WHAT YOU HAVE TO DO: Every line of the material must be restated exactly, though not its pictures.

DATASET EXTRACT:

━━━━━━━━━━

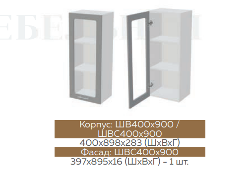 ШВС1Д600/900 Шкаф верхний со стеклом
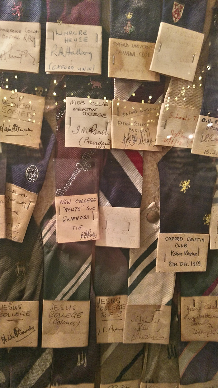 более оригинально был оформлен The Bear, который считается старейшим в Оксфорде и датируется 1242-м годом. все стены в студенческих галстуках, которые студенты по традиции отрезают в день выпуска. все галстуки содержат информацию о его владельце, названии колледжа и годе выпуска. можно найти очень старые...
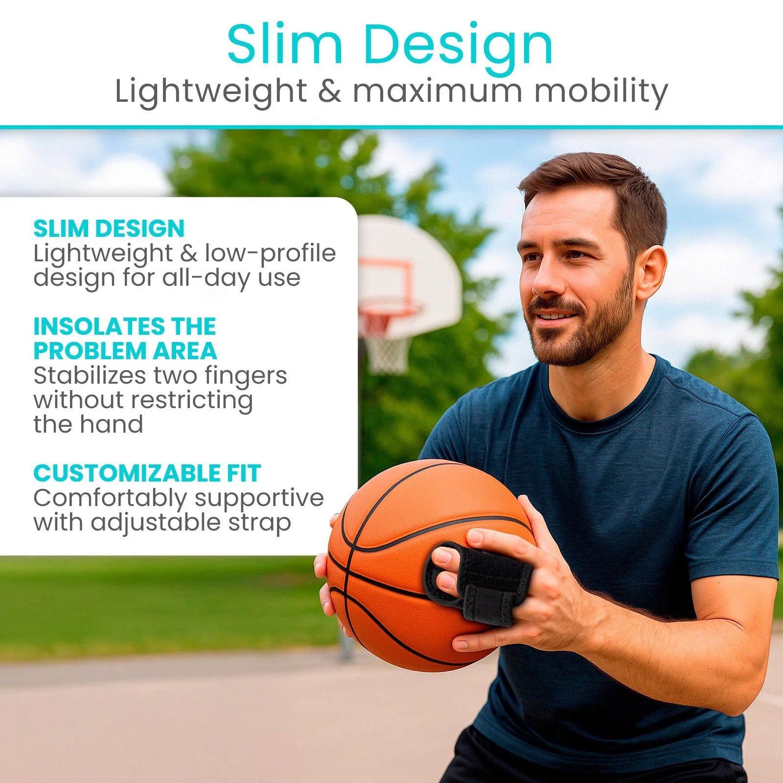 The Dual Finger Splint is designed to provide reliable support, full protection, and double compression to help prevent sprains and injuries. Its adjustable fit makes it suitable for any finger on either hand, offering stability without restricting movement. Made with breathable, lightweight materials, this splint is comfortable enough for all-day wear. The secure D-ring design keeps it firmly in place, making it ideal for sports, daily activities, or recovery from finger injuries.

━━━━━━━━━━

EXERCISE SOLUTION:
 ШВС1Д600/900 Шкаф верхний со стеклом
 более оригинально был оформлен The Bear, который считается старейшим в Оксфорде и датируется 1242-м годом. все стены в студенческих галстуках, которые студенты по традиции отрезают в день выпуска. все галстуки содержат информацию о его владельце, названии колледжа и годе выпуска. можно найти очень старые...
 The Dual Finger Splint is designed to provide reliable support, full protection, and double compression to help prevent sprains and injuries. Its adjustable fit makes it suitable for any finger on either hand, offering stability without restricting movement. Made with breathable, lightweight materials, this splint is comfortable enough for all-day wear. The secure D-ring design keeps it firmly in place, making it ideal for sports, daily activities, or recovery from finger injuries.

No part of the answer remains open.